Was another episode of French cinema's #MeToo about to play out, on Tuesday, March 5, at a Paris criminal court? All the signs seemed to indicate this: British actress Charlotte Lewis was suing filmmaker Roman Polanski for defamation, as he called her a liar in an interview with the French magazine Paris Match in December 2019. At the time, the director of J'accuse (An Officer and a Spy) was being asked about accusations of sexual assault and rape made against him by several women, including Lewis. Nine years earlier, at a press conference held in the middle of the Cannes Film Festival, she had recounted having been assaulted during a casting session organized at Polanski's Paris home in 1983, when she was 16 years old.

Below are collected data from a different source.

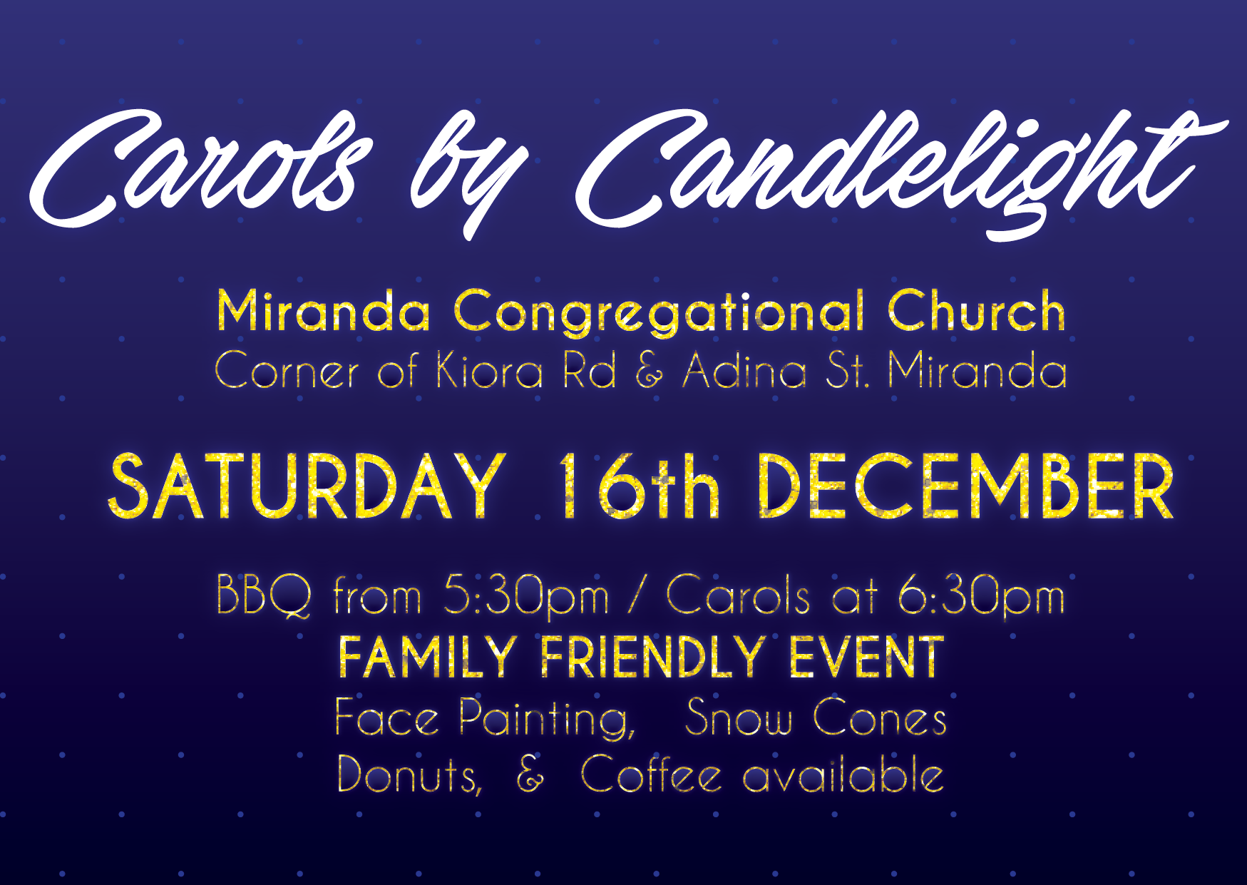 This was the first carols event planned and co-ordinated at Miranda Congregational church, and the aim of the night was simple: welcome new people using the familiarity of Christmas, and sharing festivities through song, in order to create a connection and share the Good News about Jesus. A key element to this event involved ensuring that the message was accessible to people of all ages, and ensuring we had elements in the service which catered specifically to the younger children who also took part in the service singing a few songs for the congregation.
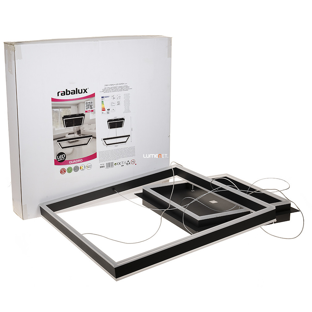A Quadro Rábalux 3085 mennyezetivel kombinált függesztett LED lámpa letisztult, minimál stílusban készült, mely a modern enteriőrök követelményeihez igazodik. A lámpatest 60 W teljesítményű integrált LED modullal van felszerelve, amely 1670 lumen fényáramot biztosít hidegfehér (4000 K) színhőmérséklettel. A termék nem szabályozható, IP20 védettségi szinttel rendelkezik, így elsősorban beltéri használatra alkalmas. A lámpa fő anyaga fém és műanyag, választható fekete vagy fehér színben. Méretei 600 mm hosszúság, 400 mm szélesség és 1200 mm magasság, tömege 5,5 kg, átlagos élettartama eléri a 20 000 órát. A csomagolás mérete 63x63x10 cm, a gyártó pedig a Rábalux.
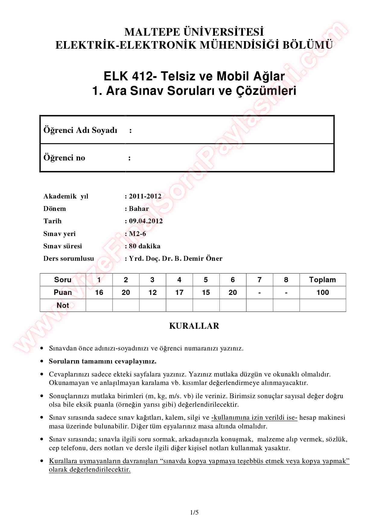 Vize ve Final Soruları / Maltepe Üniversitesi / Telsiz ve Mobil Ağlar Dersi
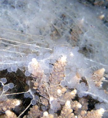 | サンゴの上に産みつけられていた、オキザヨリの卵です。 次回のチャレンジでは、サンゴの産卵が見られるといいですね。 |
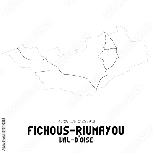 FICHOUS-RIUMAYOU Val-d'Oise. Minimalistic street map with black and white lines.
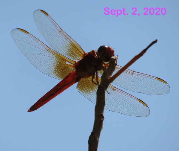 Are dragonflies good luck? I saw this one on a branch outside my house this week. Then I remembered that I saw one just like it in September of 2020, in the same tree, on almost the same branch. What are the odds?!
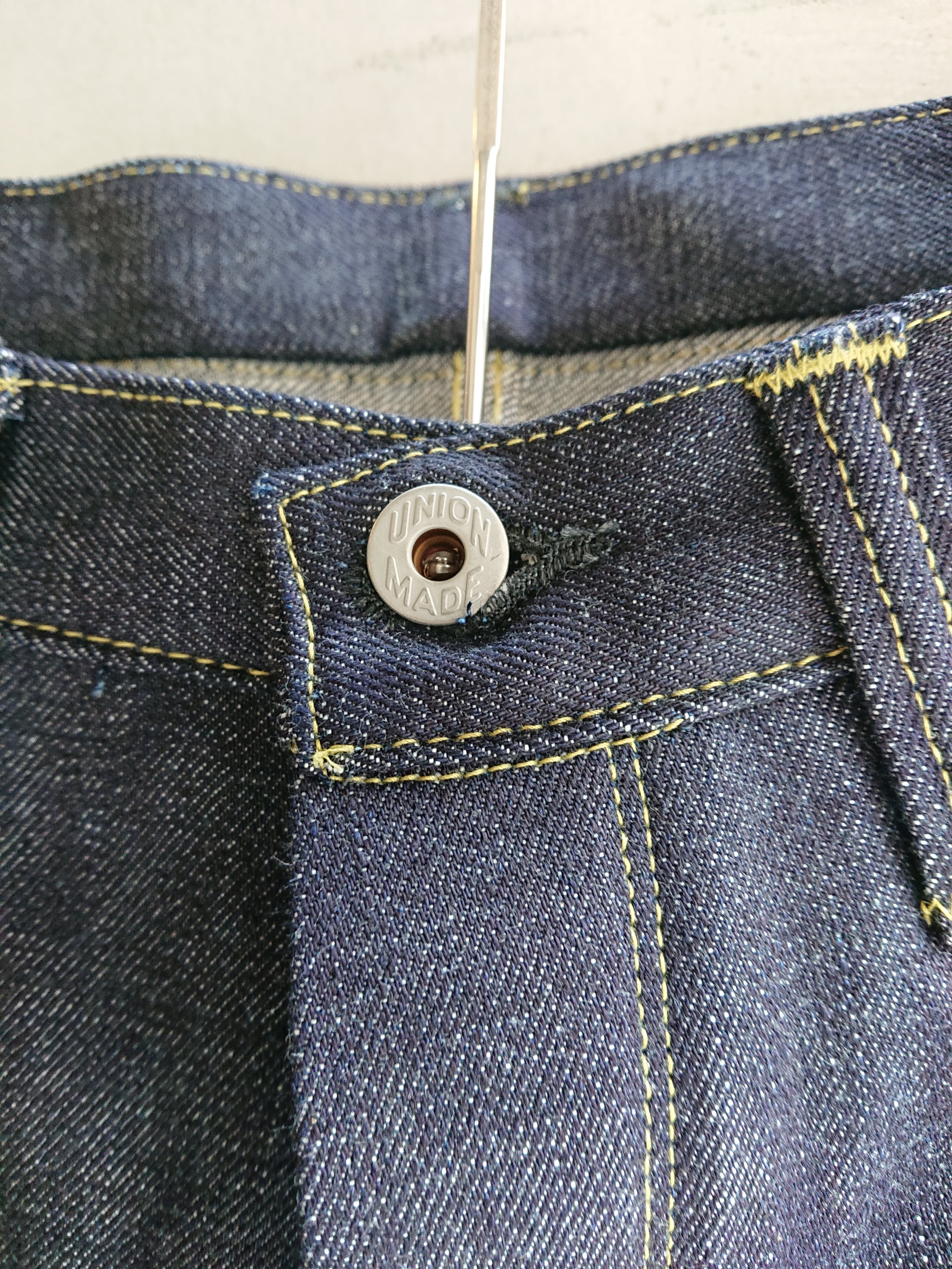 1940年代のカウボーイ達が愛用した、 極太シルエット&極上のデニムをオマージュ。縫製 は、30~40年代の繊細さと大胆さを、併せ持つた特 徴的な縫製をサンプリング。デニム生地は、40年代 を意識した、洗い込むと凹凸が現れる13.5oz右綾デ ニムを採用。

"You see, the first quality of a good liar is an excellent memory. Charlotte Lewis is always mentioned in the list of my accusers without ever pointing out these contradictions," said Polanski, citing several successive statements by the plaintiff, in which she evoked a romantic relationship with him. When asked by journalists: "But what interest would she have in falsely accusing you?" Polanski replied: "What do I know? Frustration? You'd have to ask shrinks, scientists, historians. What do I know?"

Polanski, who's 90, didn't make the trip to court, leaving his two lawyers, Delphine Meillet and Alain Jakubowicz, to represent him. Lewis, 56, was there. "I had an imperative need to clear my name," she said. At the hearing, she repeated her accusations about that evening in 1983, when she found herself alone with the director after the friend who had accompanied her had gone to bed. "That's when he raped me," she said. She explained her long silence: "He was like a father to me, a mentor. I didn't realize the seriousness of what had happened to me until 30 years later."

The defense emphasized her contradictions, exhuming an interview she gave in 1999 to the British tabloid News of the World, in which she testifies to her admiration for the director, who entrusted her with a role in his 1986 film Pirates. "I was fascinated by him, and I wanted to be his lover (...) I probably desired him more than he did me," she confided at the time. The debate drifted on to the tabloid's methods, and the actress vigorously contested the statements attributed to her and became angry. The defense reminded her that she had been paid for this interview. The hearing got bogged down and Lewis gave in. "Do you regret having spoken?" asked her lawyer, Benjamin Chouai. "Yes. I do regret it. I went through a smear campaign. It nearly destroyed my life. Today, if a woman comes to me and says she's been raped and asks if she should reveal it, I'd say, 'No. Forget about it. Get on with your life'," she replied.